Gli Stati Uniti restano infatti ad oggi l’unico fornitore degli intercettori antimissile che proteggono i cieli ucraini dai missili balistici russi, oltre a essere in grado di garantire l’intelligence sul campo di battaglia. Sono capacità che l’Europa, almeno al momento, non è in grado di sostituire. Nel frattempo però è cambiato anche il modello con cui le armi americane arrivano a Kyiv. Se l’Amministrazione Biden trasferiva direttamente le armi, ora sono i Paesi europei a comprarli dagli Stati Uniti e a fornirle all’Ucraina. Zelensky teme però ora che l’impiego dei missili intercettori statunitensi nella guerra in Iran stia riducendo le scorte di cui Kyiv ha ancora disperatamente bisogno.
L'Ucraina cerca altri produttori di armi
Intanto, sul fronte industriale, l’Ucraina ha stretto accordi per produrre armi insieme ad alcuni alleati europei, tra cui Germania, Danimarca, Norvegia e Regno Unito. Solo da Berlino sono arrivati impegni per 4 miliardi di dollari in nuove forniture, concentrate su difesa aerea, droni e produzione congiunta, ha riferito il Ministro della Difesa ucraino Mykhailo Fedorov.

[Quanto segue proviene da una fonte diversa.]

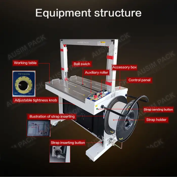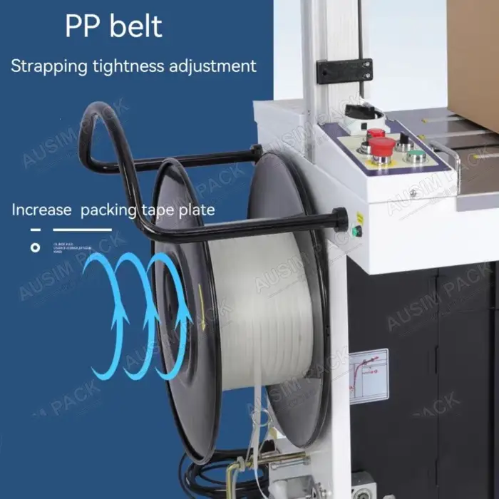 The automatic operation allows for quick and consistent strapping, significantly reducing manual labor and increasing productivity.

Il sostegno europeo a Kyiv continua a reggersi soprattutto sui Paesi più ricchi del blocco: in primo luogo proprio la Germania, ma anche i Paesi nordici, i Paesi Bassi e la Polonia. La tenuta politica di questo fronte, però, resta incerta. In Francia e Germania i partiti nazionalisti, in crescita nei sondaggi, chiedono di fermare i finanziamenti all’Ucraina. E le presidenziali francesi del 2027, dove l'estrema destra del Rassemblement National è favorita, potrebbero pesare sulle prossime decisioni europee.
Resta aperto anche il nodo dell’adesione di Kyiv all’Unione Europea, un percorso che procede a rilento. Bruxelles ha proposto di concedere all’Ucraina, nei prossimi anni, alcuni benefici simbolici dell’adesione, ma Zelensky ha respinto l’ipotesi. "L’Ucraina non ha bisogno di un’adesione simbolica all’Unione Europea. L’Ucraina si difende e sta difendendo l’Europa. E non sta difendendo l’Europa simbolicamente: le persone stanno morendo davvero", ha detto.